We developed a new algorithm, FUpred, which predicts protein domain boundaries utilizing contact maps created by deep residual neural networks coupled with coevolutionary precision matrices. The core idea of the algorithm is to retrieve domain boundary locations by maximizing the number of intra-domain contacts, while minimizing the number of inter-domain contacts from the contact maps. FUpred was tested on a large-scale dataset consisting of 2549 proteins and generated correct single- and multi-domain classifications with a Matthew's correlation coefficient of 0.799, which was 19.1% (or 5.3%) higher than the best machine learning (or threading)-based method. For proteins with discontinuous domains, the domain boundary detection and normalized domain overlapping scores of FUpred were 0.788 and 0.521, respectively, which were 17.3% and 23.8% higher than the best control method. The results demonstrate a new avenue to accurately detect domain composition from sequence alone, especially for discontinuous, multi-domain proteins.

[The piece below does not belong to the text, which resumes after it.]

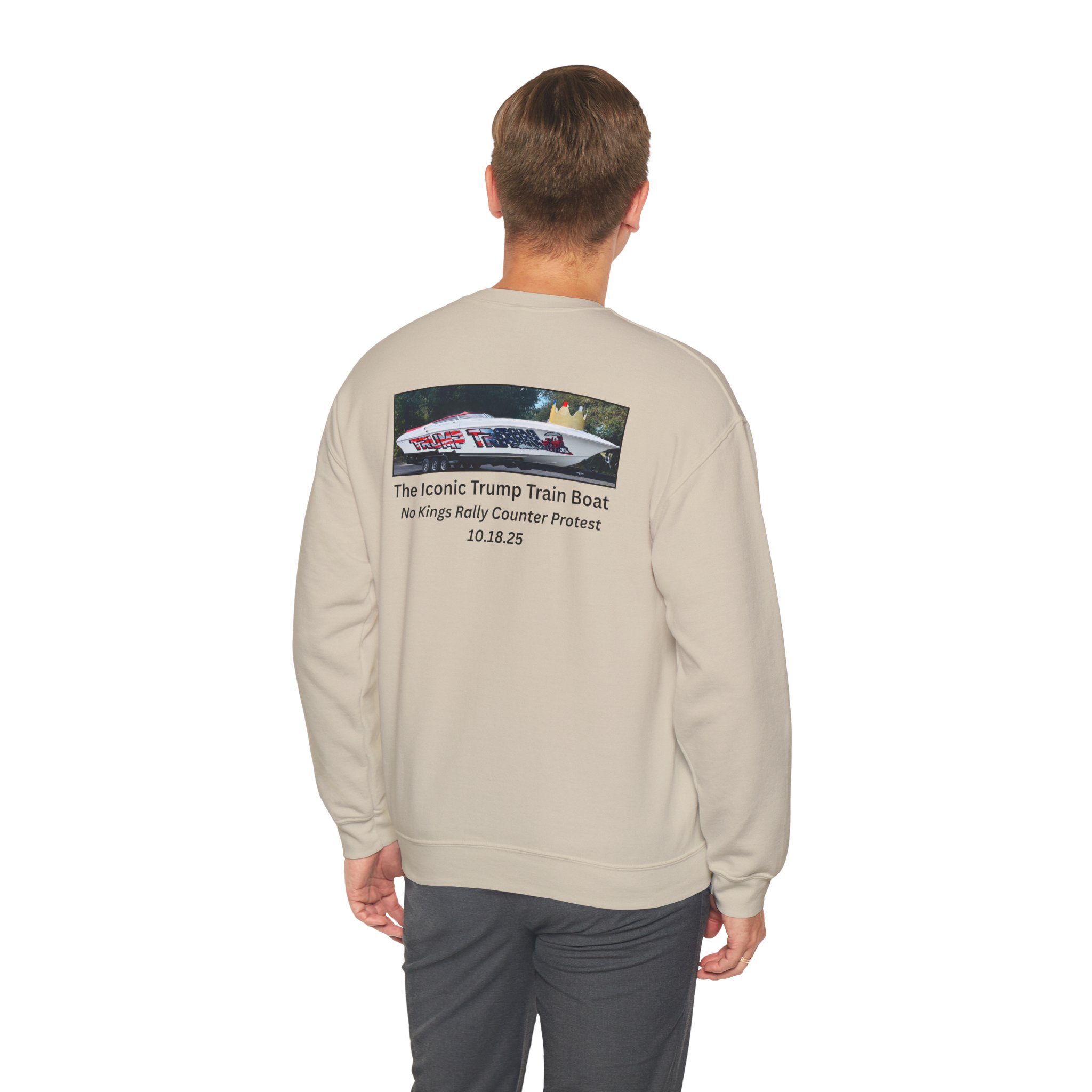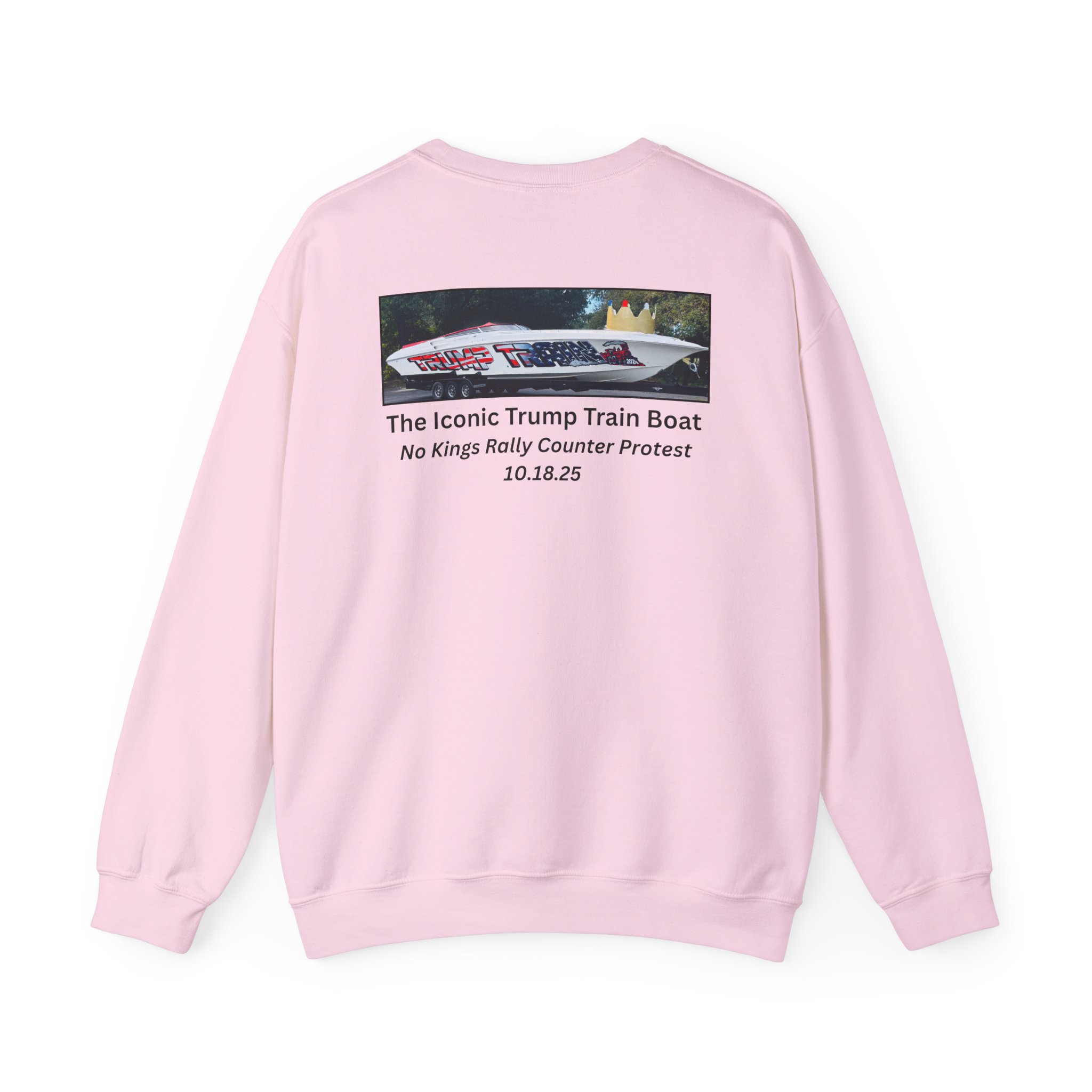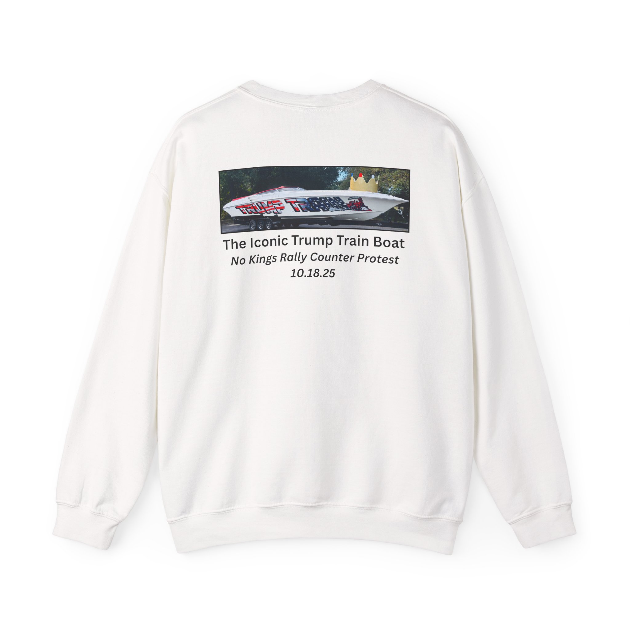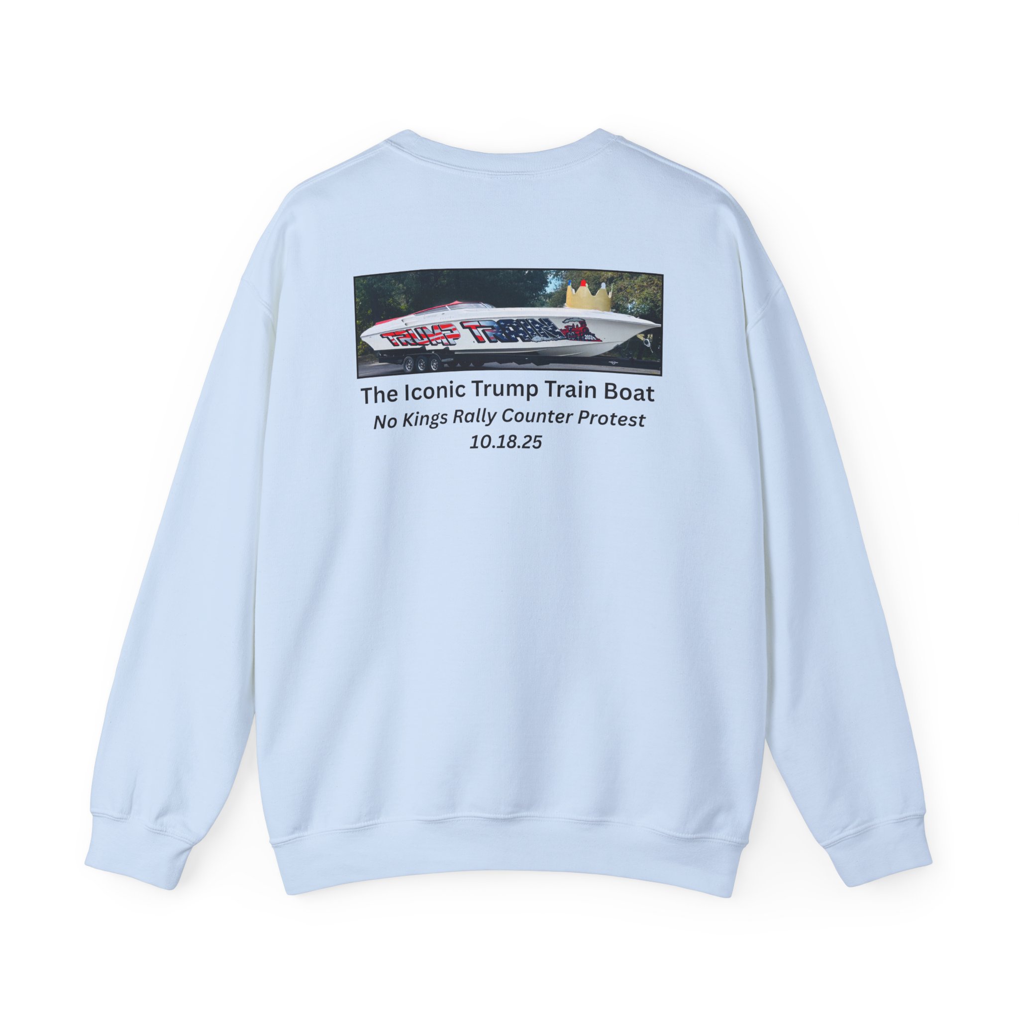 Slip into this soft, mid weight crewneck sweatshirt like you're wrapping yourself in a cozy conspiracy theory. it's got that quiet, documentary vibe that whispers "I was there" without yelling from the rooftops. Up front, a tiny USA emblem plays it cool, but flip to the back for the real showstopper: a printed photo and caption screaming “The Iconic Trump Train Boat — No Kings Rally Counter Protest — 10.18.25,” capturing the boat all prepped, crowned, and revved up moments before crashing the party in Virginia Beach, VA, like a patriotic pirate ship on a mission.

AVAILABILITY AND IMPLEMENTATION

https://zhanglab.ccmb.med.umich.edu/FUpred.

SUPPLEMENTARY INFORMATION

Supplementary data are available at Bioinformatics online.

摘要

动机

蛋白质结构域是可以独立折叠和发挥功能的亚基。因此,正确的结构域边界分配是准确分析蛋白质结构和功能的关键步骤。然而,目前还没有有效的算法可以从序列中准确预测结构域。对于具有不连续结构域的蛋白质,该问题尤其具有挑战性,因为这些蛋白质的结构域由沿着序列分离的结构域片段组成。

结果

我们开发了一种新算法 FUpred,该算法利用深度残差神经网络与共进化精确矩阵创建的接触图来预测蛋白质结构域边界。该算法的核心思想是通过最大化结构域内接触的数量,同时最小化接触图中外结构域接触的数量来检索结构域边界位置。FUpred 在一个包含 2549 个蛋白质的大规模数据集上进行了测试,生成的单结构域和多结构域分类的马修斯相关系数为 0.799,比最佳机器学习(或线程)方法高 19.1%(或 5.3%)。对于具有不连续结构域的蛋白质,FUpred 的结构域边界检测和归一化结构域重叠得分分别为 0.788 和 0.521,比最佳对照方法高 17.3%和 23.8%。结果表明了一种从序列中准确检测结构域组成的新途径,特别是对于不连续的多结构域蛋白质。

可用性和实施情况

https://zhanglab.ccmb.med.umich.edu/FUpred。

补充信息

补充数据可在 Bioinformatics 在线获取。